As I mentioned earlier, your interview project plan should include your travel plans for the day.

  • First, check the location of the interview. Sometimes an interview can take place in a location that is not the premises of the company concerned. The employer might hire centrally located offices for the interview to make it easier for candidates. So make sure you are travelling to the right place.

  • Compare ways of getting to the location and choose the least stressful. For me, that would be travelling by public transport: preferably train or metro. If driving, I always worry about hold-ups on the road or finding a suitable parking space.

  • Check out the location you are going to. Use street view to get a picture of the place you are looking for and nearby landmarks. If you are driving there, find a suitable parking location, and a backup location if the first one is full.

  • It is important to aim to get their early – at least 30 minutes. That gives you some catch-up time if there are delays. I remember one interview where I totally misjudged the journey time and arrived an hour late. They did interview me, but I didn't get the job!

  • Arriving early is also useful to sus out the vibe around the organisation. Go into a nearby café and subtly listen into the conversations of people who look like they are staff from the organisation. You'll begin to get a feel for the culture of the organisation.

  • When you arrive in reception, get a feel for the vibe of the place. Do the people that work there look positive and cheery or rather downtrodden? I believe you can tell a lot about an organisation from the feeling you get in reception.

Types of Interview

In this course, I am mainly focussing on the face to face interview. That is the sort of interview you will likely face when you get onto the shortlist for a job – although online interviews are becoming more common as we practice social distancing during the Coronavirus pandemic.

However, you may also experience other types of interview:

  • Typically a first stage interview will be by telephone or online. The purpose of this initial interview is to select a shortlist of candidates for a full interview. The interview may be carried out by an HR person or a recruitment consultant. You should prepare as I advise in this course, and I cover online interviews in a later lesson in this course.

  • Another method commonly used to select candidates for the face to face interview is the online questionnaire. These may be a personality questionnaire or aptitude tests, or both. There are no tips and tricks that can get you through these. Just make sure you have a strong internet connection and be honest in the tests. They are designed to catch you out if you lie, so just be straight with it.

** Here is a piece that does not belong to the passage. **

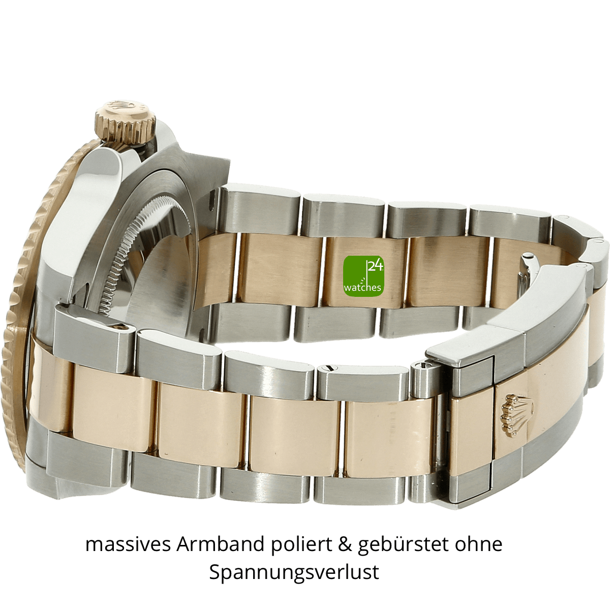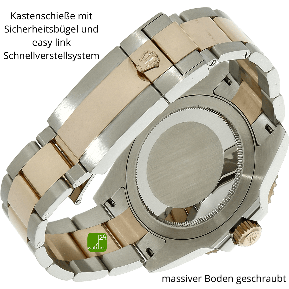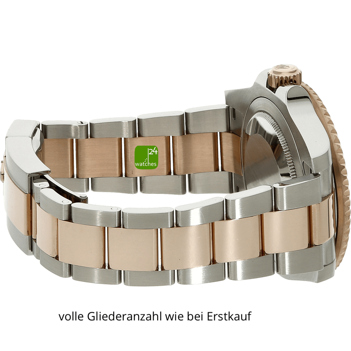 original Bracelet Rolex Oyster en acier inoxydable et or rose 18 ct / 0,750 poli et brossé | longueur de livraison d'origine avec 5 éléments de charnière vissés | original Fermoir box Rolex en acier inoxydable et or rose, poli et brossé, avec clip de sécurité et mécanisme de réglage rapide

  • I have read a couple of articles about AI being used for candidate selection. I haven't seen this in real life yet, and I am not sure how AI would be deployed other than to scrutinise CVs and application forms. I think we are someway from interviews being conducted by computer.

  • When you get through the first level of interview, you may be invited to an assessment centre. Typically, these are residential centres where you undergo individual interviews, group exercises, and aptitude tests over several days. Assessment centres are becoming rarer because they are expensive to run. I personally have been on two assessment centres for jobs in the past. Although hard work, I found both to be very positive experiences. As a candidate, you are tested very thoroughly, but that does help build your confidence in your abilities and, because you get to know the interviewers during your time there, means you can have a much more fulfilling interview experience.

Preparing for the Interview Action

Now you have finished this lesson, start work on your interview project plan. Check the job description against your Interview Skills Balance Sheet. Plan your route and your outfit for the day. Rehearse possible questions, and consider positive responses to "difficult" questions – where you have a gap.

And when you have done that, relax and visualise the benefits of getting this role in this organisation.

Thank you for listening to this lesson. In our next lesson, we arrive at the day before the interview.